Analytical gradients for the coupled‐cluster method

Ludwik Adamowicz, W. D. Laidig, R. J. Bartlett

Research output: Contribution to journalArticle

157 Citations (Scopus)

Abstract

A nondiagrammatic formulation of the analytical first derivative of the coupled‐cluster (CC) energy with respect to nuclear position is presented and some features of an efficient computational method to calculate this derivative are described. Since neither the orbitals nor the configuration expansion coefficients are variationally determined, in the most general case derivatives of both are necessary in computing the gradient.
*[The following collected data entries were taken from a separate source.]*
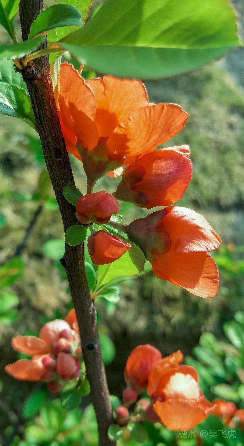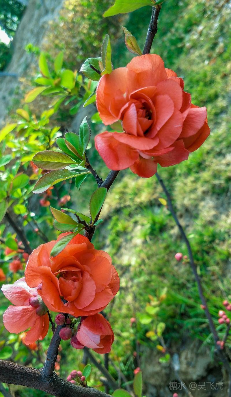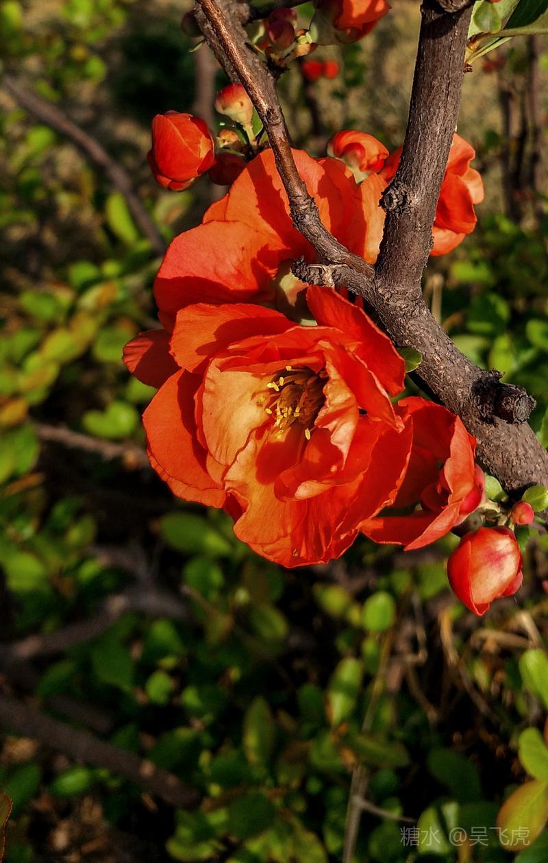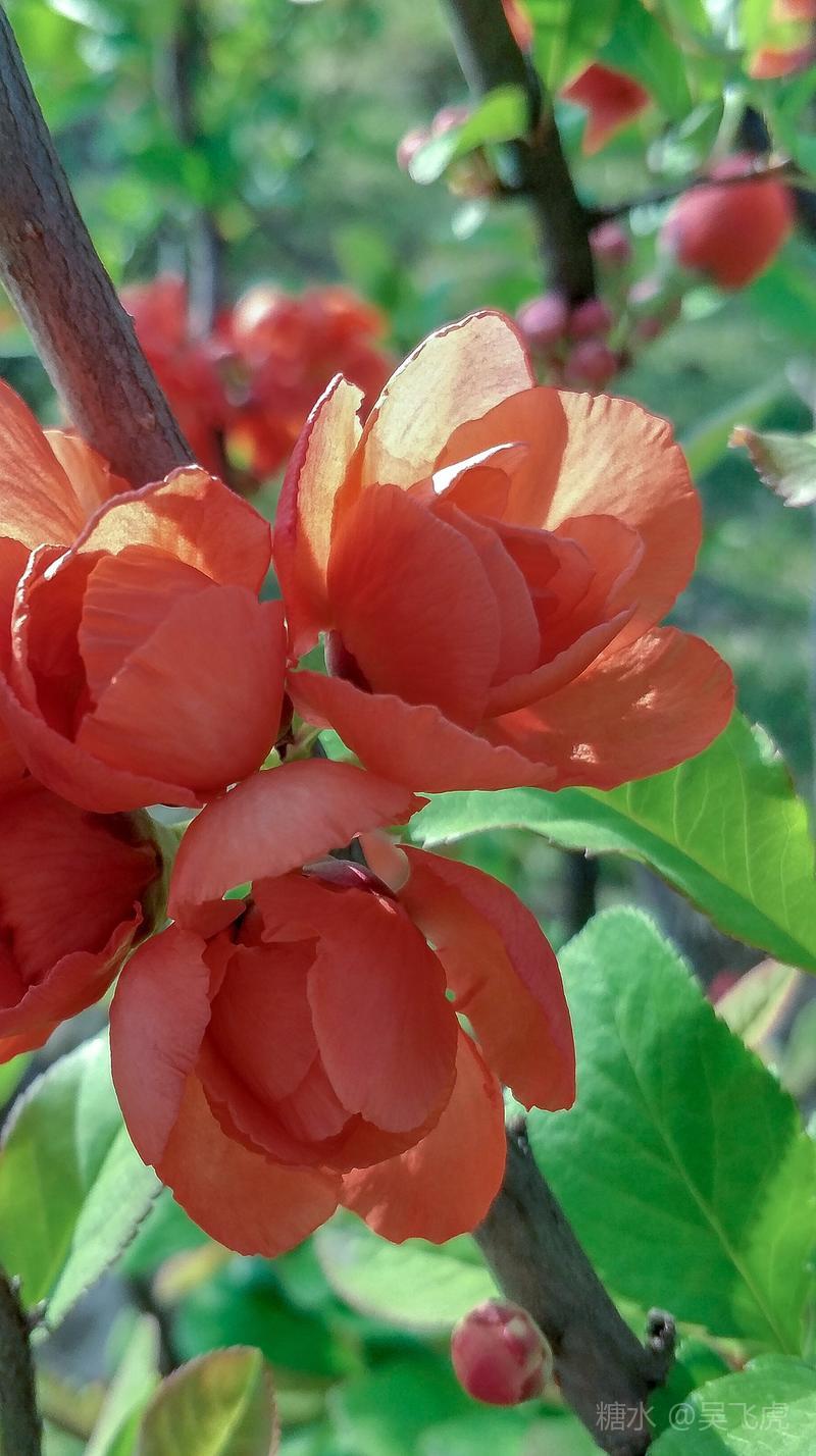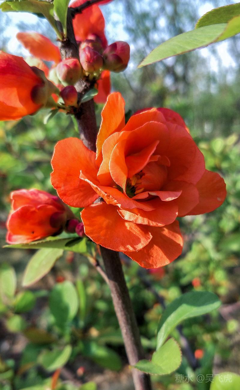贴梗海棠,是蔷薇科木瓜属植物,其枝秆丛生,枝上有刺,其花梗极短,花朵紧贴在枝干上,故名。其花朵鲜润丰腴、绚烂耀目,是庭园中主要春季花木之一,既可在园林中单株栽植布置花境,亦可成行栽植作花篱,又可作盆栽观赏,是理想的花果树桩盆景材料。在太原迎新街区以西的南固碾村,沿着村头的主干道一直向西走,在临近滨河东路的黄土地上,村民们兴建了一所滨河公园。公园面积不小,绿化工作已经初具规模,贴梗海棠正在盛开之时,花红叶翠,煞是一道园中漂亮的风景线!只可惜没有带相机,只能用手机随拍了一些,供您浏览分享。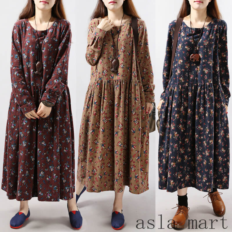ワンピース レディース ロングワンピース リネンワンピース リゾート コットン リネン 綿麻 花柄 ロング マキシ丈 プリーツ きれいめ Aライン フレア 麻 長袖 大人 上品 森ガール 大きいサイズ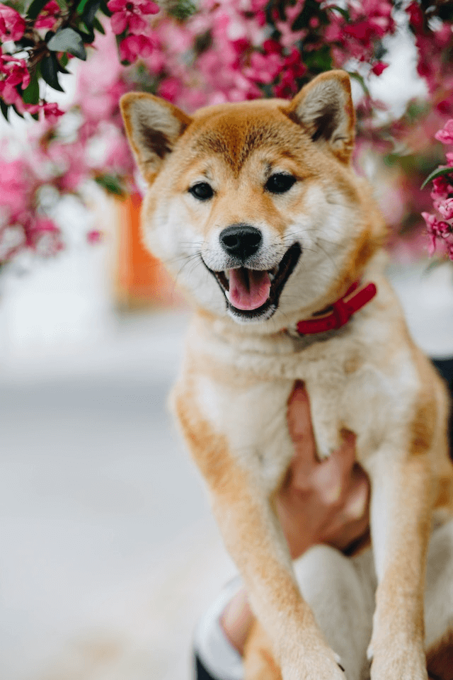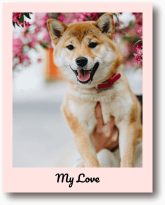 In this example, we wrap a PNG of our beloved dog in a polaroid. We use a soft misty-rose color frame that matches the color of the sakura tree in the background and caption the photo as "My Love". For the caption, we choose the prettiest Google font "Pacifico" and load it using the font URL (after selecting the custom font mode). We also add a shadow in a gray-pink hue, which gives the image depth and makes it look like a real polaroid. (Source: Pexels.)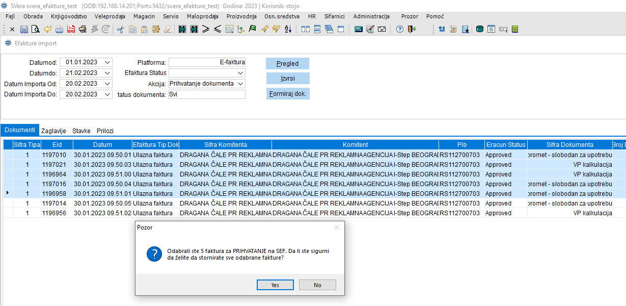 Ctrl + klik na redove obeležiti dokumenta koja želimo prihvatiti. U zaglavlju Akcija- izabrati iz padajuće liste Prihvatanje dokumenta i klikom na Izvrsi potvrđujemo izabrana dokumenta – Odgovoriti na pop-up sa YES i nov status se prenosi na SEF automatski. Isti je je postupak samo uz drugu izabranu akciju ako želimo da odbijemo dokument.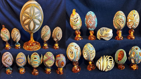 «Я вже давно цю колекцію почав, десь рік тому. Але були питання по здоров'ю, стало трохи легше і продовжив. Доклеював підставки бурштином. У мене жодного яйця немає однакового», – каже майстер.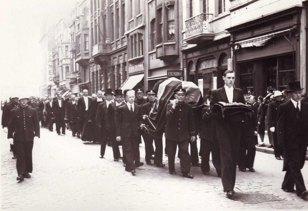 Formaat : 13 x 18 cm. - Begrafenis van Robert Elleboudt, uitgever van de Zeewacht. De stoet in het begin van de Kapellestraat met vooraan een piepjonge Jan Piers, de latere burgemeester en rechts van hem begrafenisondernemer Willy Lucas. Opmerking : de kist wordt gedragen. Achteraan rechts Cinema Cameo.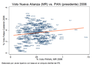 La siguiente gráfica analiza a mayor detalle la relación entre el porcentaje de votos del PANAL-diputados y los votos obtenidos por Felipe Calderón a nivel distrital (aquí el coeficiente de correlación es de 0.146). La gráfica incluye una línea de regresión simple en color naranja (R2 = 0.021).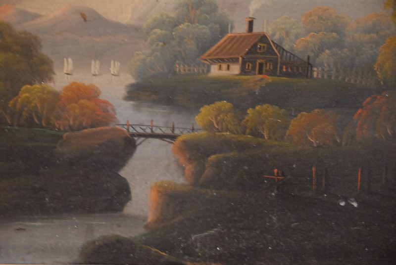 19th century landscape of house overlooking river in Victorian frame, 17 1/2 x 22 1/2.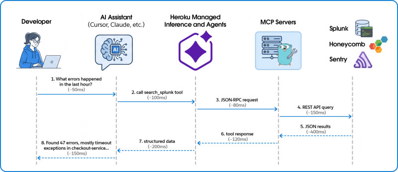 Heroku Managed Inference and Agents integrates observability platforms (Splunk, Honeycomb, Sentry) directly into your IDE using the Model Context Protocol (MCP). Instead of context-switching between dashboards during incidents, developers can query production logs, errors, and metrics using natural language from their code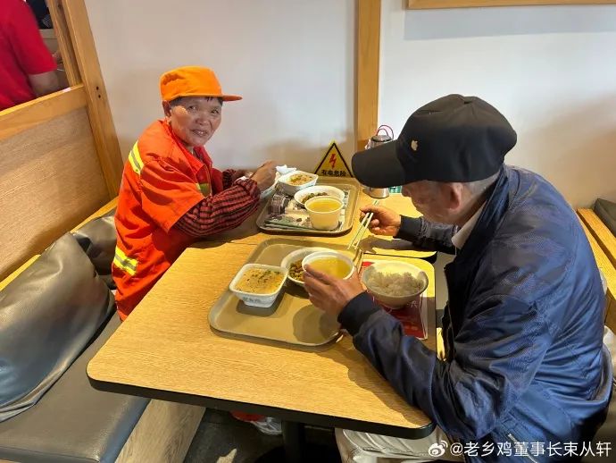 2、环卫工人和外卖小哥吃到了免费午餐,高兴。不区分任何人是不想太功利。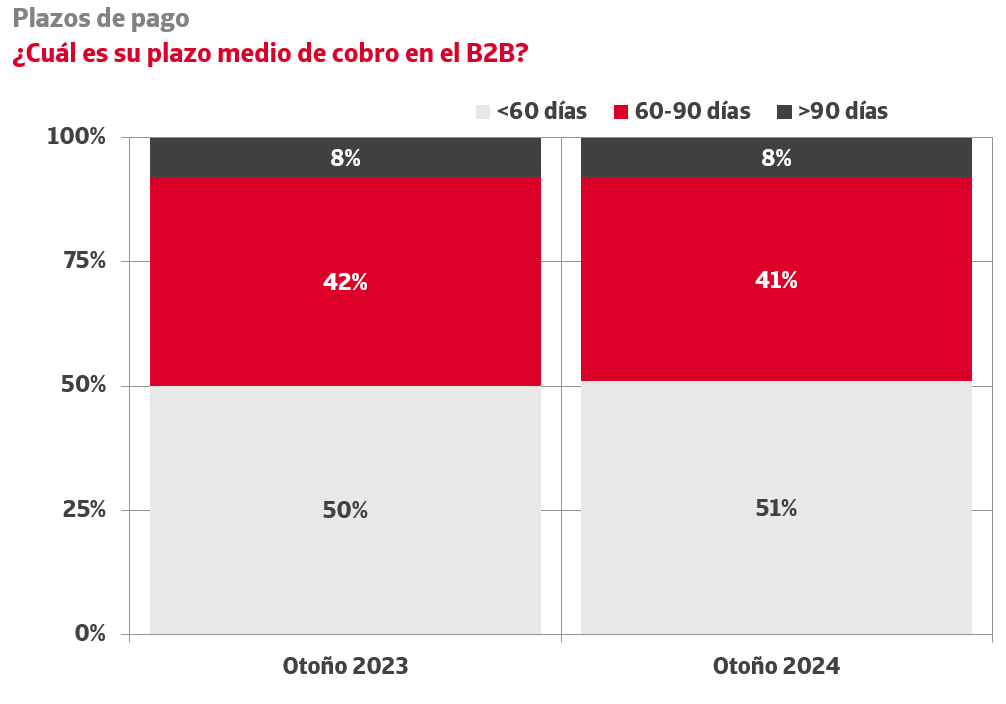 Solo el 51% de las empresas trabaja con plazos de cobro inferiores a los 60 días fijados por la Ley 15/2010 de Medidas de Lucha contra la Morosidad. El dato representa, sin embargo, una mejora de un punto porcentual respecto a los valores de hace un año, mejorando el comportamiento en plazos a los niveles pre Covid-19, cuando un 49% de las firmas trabajaba por debajo de los 60 días.

This requires the initial solution of the coupled perturbed Hartree‐Forck (CPHF) equations and seems to mandate the solution of a linear matrix equation ZT(1) = X for first‐order corrections to the CC coefficients. However, if only the analytic gradient is desired a simpler non‐perturbation‐dependent set of equations can be solved instead. This and the first‐order character of the linear matrix equation makes the application of an analytic gradient technique to the CC method feasible.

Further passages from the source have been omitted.